WHAT IS EXPECTED
Skip the pictures. Output only the lines below starting at the line with "Gordon Ramsay by" and ending at the line with "With feature fire", both ends included, exactly as they are.

MATERIAL SHOWN
-=-=-
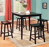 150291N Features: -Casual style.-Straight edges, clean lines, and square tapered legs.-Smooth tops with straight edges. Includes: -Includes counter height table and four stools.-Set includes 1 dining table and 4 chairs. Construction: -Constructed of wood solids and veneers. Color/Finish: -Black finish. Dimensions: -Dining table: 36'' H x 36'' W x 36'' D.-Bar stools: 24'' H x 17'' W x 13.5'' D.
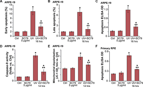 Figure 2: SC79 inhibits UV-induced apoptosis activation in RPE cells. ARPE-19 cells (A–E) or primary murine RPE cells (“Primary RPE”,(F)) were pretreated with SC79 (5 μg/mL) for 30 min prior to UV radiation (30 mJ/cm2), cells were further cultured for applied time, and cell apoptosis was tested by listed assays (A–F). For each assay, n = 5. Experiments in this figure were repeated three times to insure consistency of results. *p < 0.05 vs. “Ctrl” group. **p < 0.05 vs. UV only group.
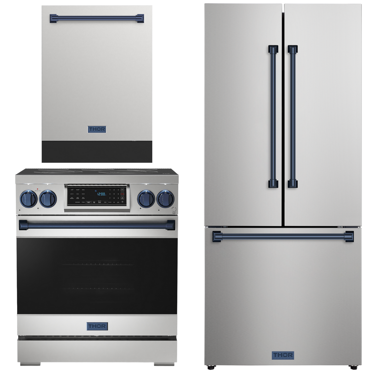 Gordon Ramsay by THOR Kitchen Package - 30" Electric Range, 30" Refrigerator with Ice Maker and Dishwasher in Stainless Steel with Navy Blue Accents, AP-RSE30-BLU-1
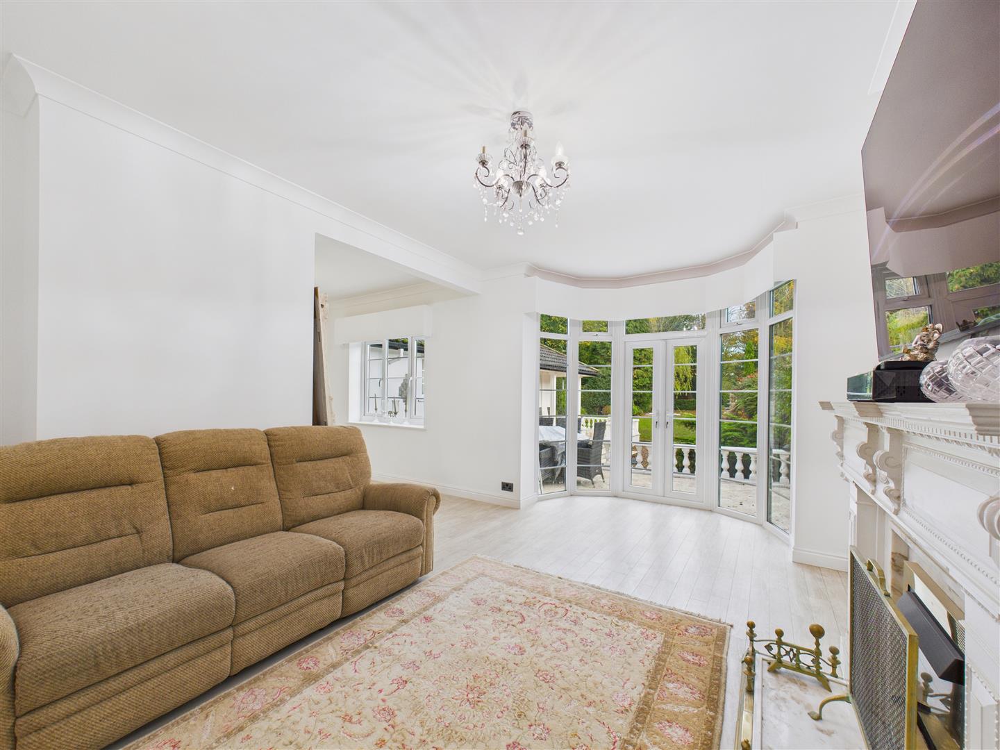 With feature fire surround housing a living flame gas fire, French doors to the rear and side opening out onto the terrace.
-=-=-
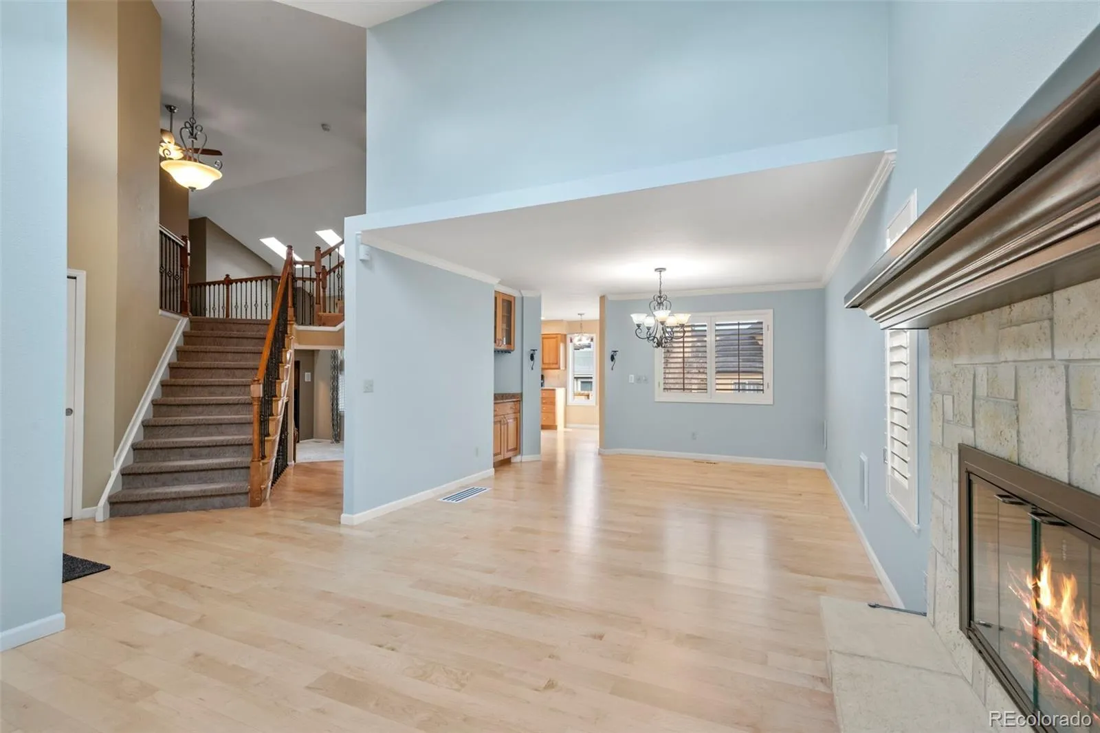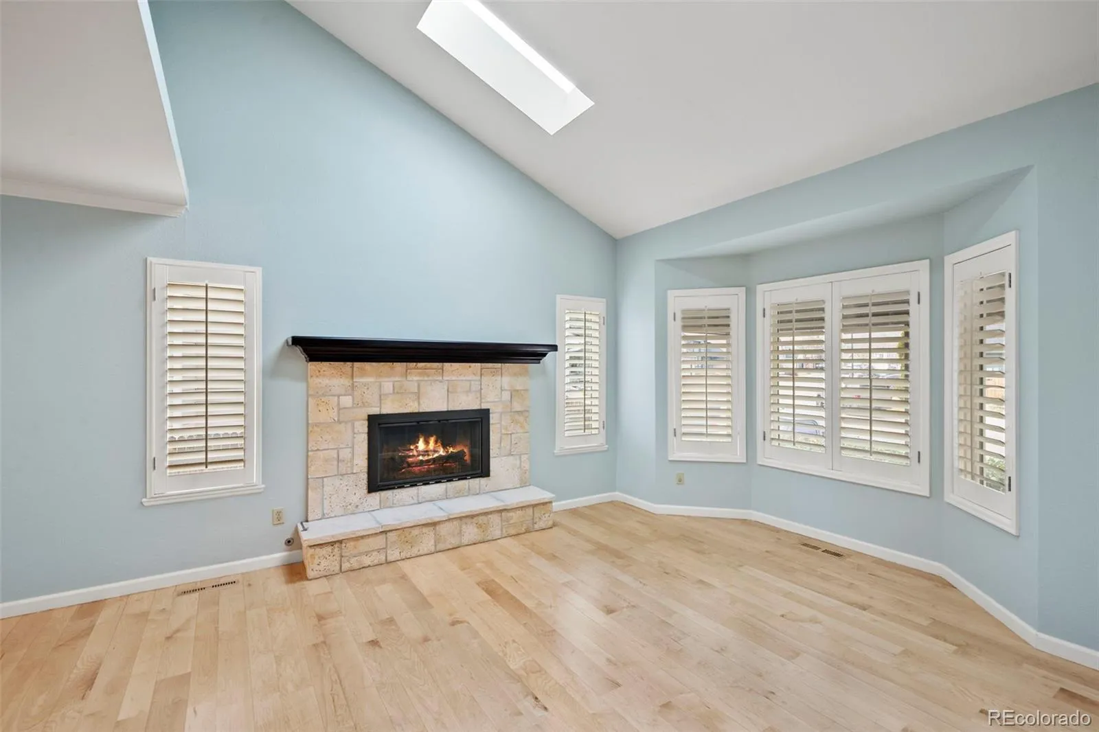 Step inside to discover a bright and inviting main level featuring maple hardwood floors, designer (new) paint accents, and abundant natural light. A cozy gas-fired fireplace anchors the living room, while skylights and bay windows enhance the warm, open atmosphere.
-=-=-
TASK OUTPUT
 Gordon Ramsay by THOR Kitchen Package - 30" Electric Range, 30" Refrigerator with Ice Maker and Dishwasher in Stainless Steel with Navy Blue Accents, AP-RSE30-BLU-1
 With feature fire surround housing a living flame gas fire, French doors to the rear and side opening out onto the terrace.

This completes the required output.